Ok, if anyone is able to help me within the next 12 hours or so, that would be wonderful! I think I am going about this problem correctly -- I am not looking for someone to solve this problem for me, but for someone to tell me if I am doing it right...
You can see this chapter, and the question, by going to google and typing in "consider a linear demand curve, Q" (with the quotations), then choosing the last result (the PDF).
That is a .pdf version of the chapter. I am working on question 2.9, part C (this is the second to last page of the .pdf)
The question says "Consider a linear demand curve, Q = 350 - 7P. What is the price elasticity of demand at P = 50?
Using an equation in that chapter, (-b)(P/Q), I end up with the equation:
-7 ( 50 / (350 - 7(50)) )
But the problem is that 350 - 7(50) is 0! That means that the division can't be done, because the denominator is 0! So does this mean that the price elasticity of demand at P = 50 does not exist? How is this possible?
Thanks in advance! Dave
It's been some time since I had micro-econ, so I'm quite reluctant to speak like an expert on the subject. The math involved doesn't look exceptionally difficult, but I don't recall what the terms and symbols stand for.
I can comment on your observation/question, "...the denominator is 0! So does this mean that the price elasticity of demand at P = 50 does not exist? How is this possible? " though.
If you're calculations are correct, then the change in x is 0. This means you have a vertical asymptote at that point. I'm unsure how that should be interpreted though. You might want to study how the curve behaves in a very small neighborhood of the point P=50 to see how the curve is behaving there.
Does that help?
The short answer: the POINT elasticity at P=50 is infinite.
we also have the same problem...
To explain further, when calculating price elasticity of demand, we typically use the arc elasticity formula:
E = (ΔQ/Q) / (ΔP/P)
where ΔQ is the change in quantity demanded, Q is the initial quantity demanded, ΔP is the change in price, and P is the initial price.

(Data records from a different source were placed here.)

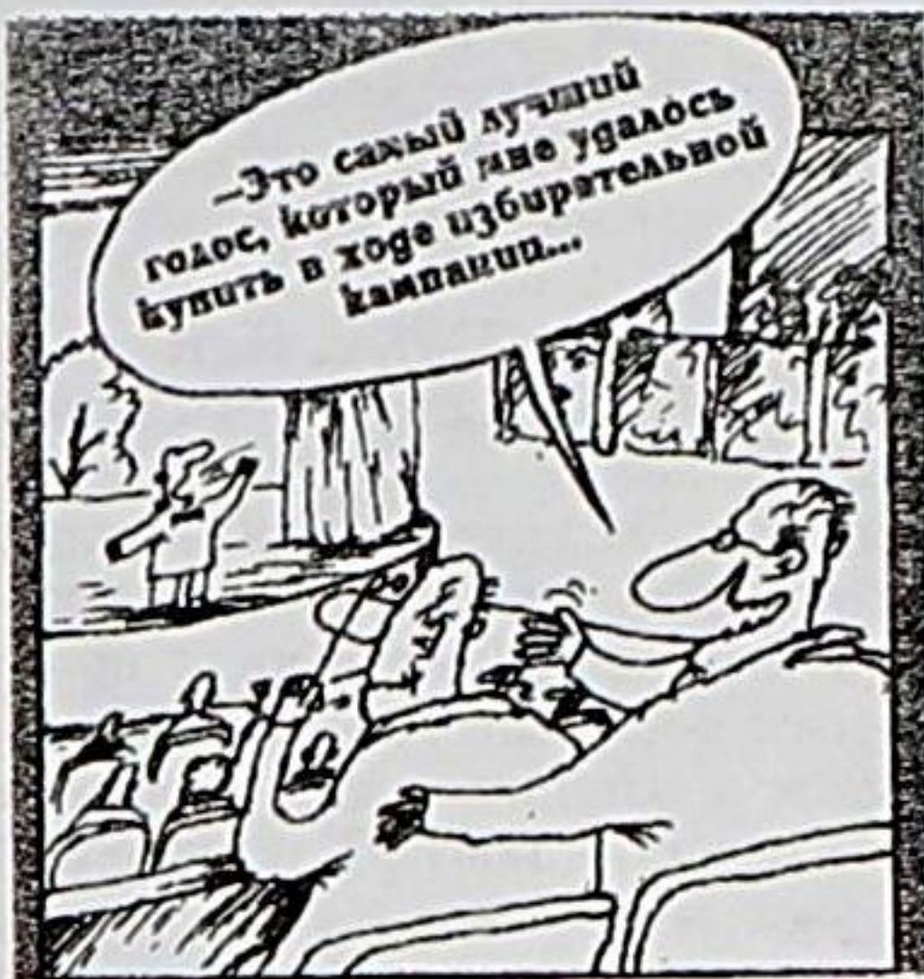
Рисунок Вячеслава ШЕЛОВА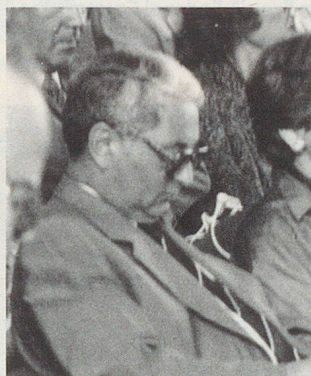
Consigliere nazionale François Jeanneret, Neuchâtel

Non è indispensabile che tutti i cittadini siano al corrente dell'esistenza e dell'attività del Consiglio. Mi sembra molto più importante che siano invece note l'idea della difesa integrata e della sua concezione. La sua «infrastruttura» e i suoi obiettivi sono piuttosto materia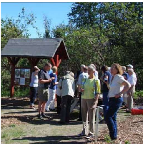
Fra indvielsesfesten i 2009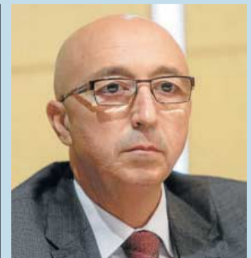
JAVIER CABEZA DE VACA “La pandemia ha convertido a la digitalización de las gestiones en una verdadera necesidad”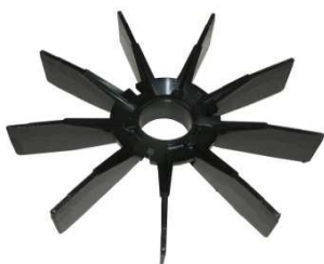
Lüfterflügel BR200 Art.Nr: 3300183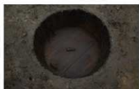
7 第 21 号埋設桶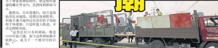
■理事们把神象和神庙物品，搬上罗厘载走。

他指出，该庙原本只是一间小木屋，用来存放普度宴会后神像及神轿，该庙在2015年注册后，募款大兴土木重建新庙，同时也建了停车场，因能对此非常反对，因为太靠近电视，非常危险。 “附近居民也反对，投诉烟灰污染空气，惟居民不敢向神廟投诉。”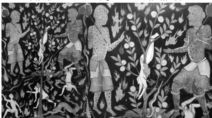
تصویر ۷. جهنم، فالنامه‌ای متعلق به دوره صفوی، احتمالاً سده یازدهم هجری قمری و غرب ایران.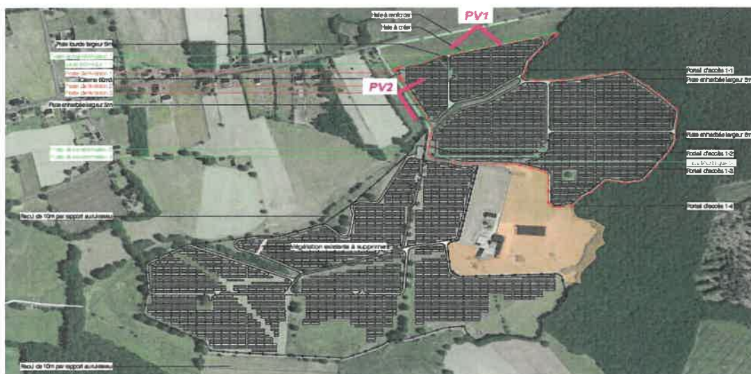
Figure 3: Permis modifié déposé en 2024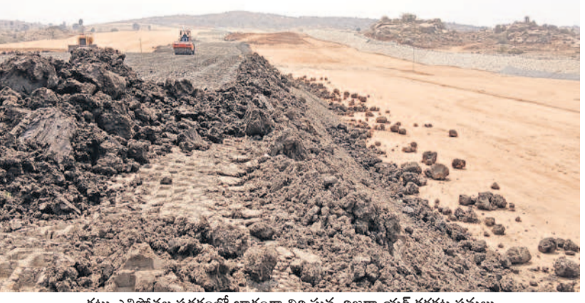
గట్టు ఎత్తిపోతల పథకంలో భాగంగా నిర్మిస్తున్న రిజర్వాయర్ కరకట్ట పనులు

కొలి ముఖ్యమంత్రి కేసీఆర్ ప్రాజెక్టు పనులను ప్రారంభించారు. అయితే ఈ పనులు ప్రస్తుతం నత్తేనడకన సాగుతుండడంతో మరో రెండు సంవత్సరాలైనా పనులు పూర్తయ్యే అవకాశం కనిపించడం లేదు. తుమ్మల చెరువు సమీపంలో ర్యాలం పాడు రిజర్వాయర్ నుంచి నీటిని తీసుకొని గట్టు మండలం రాయపురం సమీపంలో గట్టులమ్మ గట్టు వద్ద 1.320 టీఎంసీల సామర్థ్యంతో రిజర్వాయర్ నిర్మాణాన్ని చేపట్టే దీని ద్వారా గట్టు, కేటీడోడ్డి మండలాల్లోని 93వేల ఎకరాలకు సాగునీరు అందించడంతోపాటు ఈ మండలాల్లో 44 చెరువులతోపాటు కుంటలను నీటితో నింపి డిస్ట్రిబ్యూట్ చేసే ద్వారా పొలాలకు సాగునీటిని అందించడానికి దీనిని నిర్మించారు. నెల్లూపాడు ద్వారా నీరు అందజేసిన గట్టు, కేటీడోడ్డిలోని అన్ని గ్రామాలకు గట్టు ఎత్తిపోతల పథకం ద్వారా సాగునీరు అందించి ప్రాంతాలను సమృద్ధి చేయడానికి కేసీఆర్ ప్రభుత్వం ప్రయత్నిస్తున్న కాంగ్రెస్ ప్రభుత్వం అధికారంలోకి రాగానే పనులు పడకేనా చేసేంది. ఎత్తిపోతల స్వరూపం ఇది.. ర్యాలంపాడు రిజర్వాయర్ నుంచి అప్రోచ్ కెనాల్ ద్వారా మూడు కిలోమీటర్ల దూరంలో ఏర్పాటు చేసిన పంపిణీకాన్సెప్ట్ నీటిని పంపిస్తారు. పంపిణీకాన్సెప్ట్ నుంచి 12మెగావాట్ల (ఎండబూట్ల) సామర్థ్యం కలిగిన రెండు మార్లర్ల ద్వారా మూడు మీటర్ల వ్యాసం కలిగిన టెన్షన్లనుంచి మూడు కిలోమీటర్ల దూరంలోని గట్టులమ్మ గట్టు రిజర్వాయర్లోకి నీటిని తోడిపోస్తారు. 50రోజుల పాటు ర్యాలంపాడు రిజర్వాయర్ నుంచి గట్టు ఎత్తిపోతల పథకానికి నీటిని ఎత్తిపోయనున్నారు. రిజర్వాయర్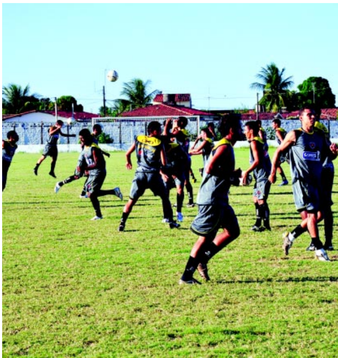
Sem jogos oficiais pelo Campeonato, o clube vem arcando com despesas altas com jogadores e funcionários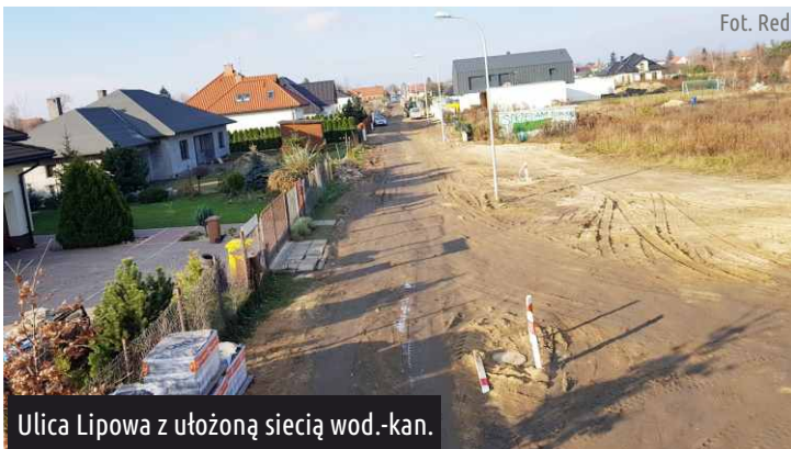
Ulica Lipowa z ułożoną siecią wod.-kan.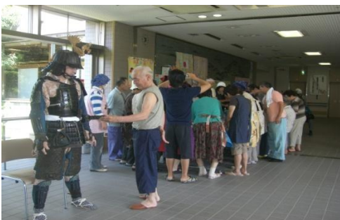
たくさんの手がテーブルに

However, in this case, you are asked to find the price elasticity of demand at a specific price, P=50. This means we need to find the elasticity at a single point rather than calculating a change.
In this situation, the point elasticity of demand is calculated using the derivative of the demand curve:
E = -(dQ/dP) * (P/Q)
where dQ/dP is the derivative of the quantity demanded with respect to price.
Let's calculate the point elasticity at P=50:
Given the demand equation Q = 350 - 7P,
we first find the derivative dQ/dP:
dQ/dP = -7
Now, substitute the values into the point elasticity formula:
E = -(dQ/dP) * (P/Q)
= -( -7) * (50 / (350 - 7(50)))
= 7 * (50 / 0)
= ∞ (infinity)
This means that at a price of P=50, the price elasticity of demand is undefined or infinite. It indicates an extreme and discontinuous change in quantity demanded when there is a small change in price.
So, yes, in this case, the price elasticity of demand at P=50 does not exist or is considered infinite because the denominator becomes zero. This indicates a unique situation where the demand curve intersects the price axis in a way that the percentage change in quantity demanded becomes infinitely large for an infinitesimally small change in price.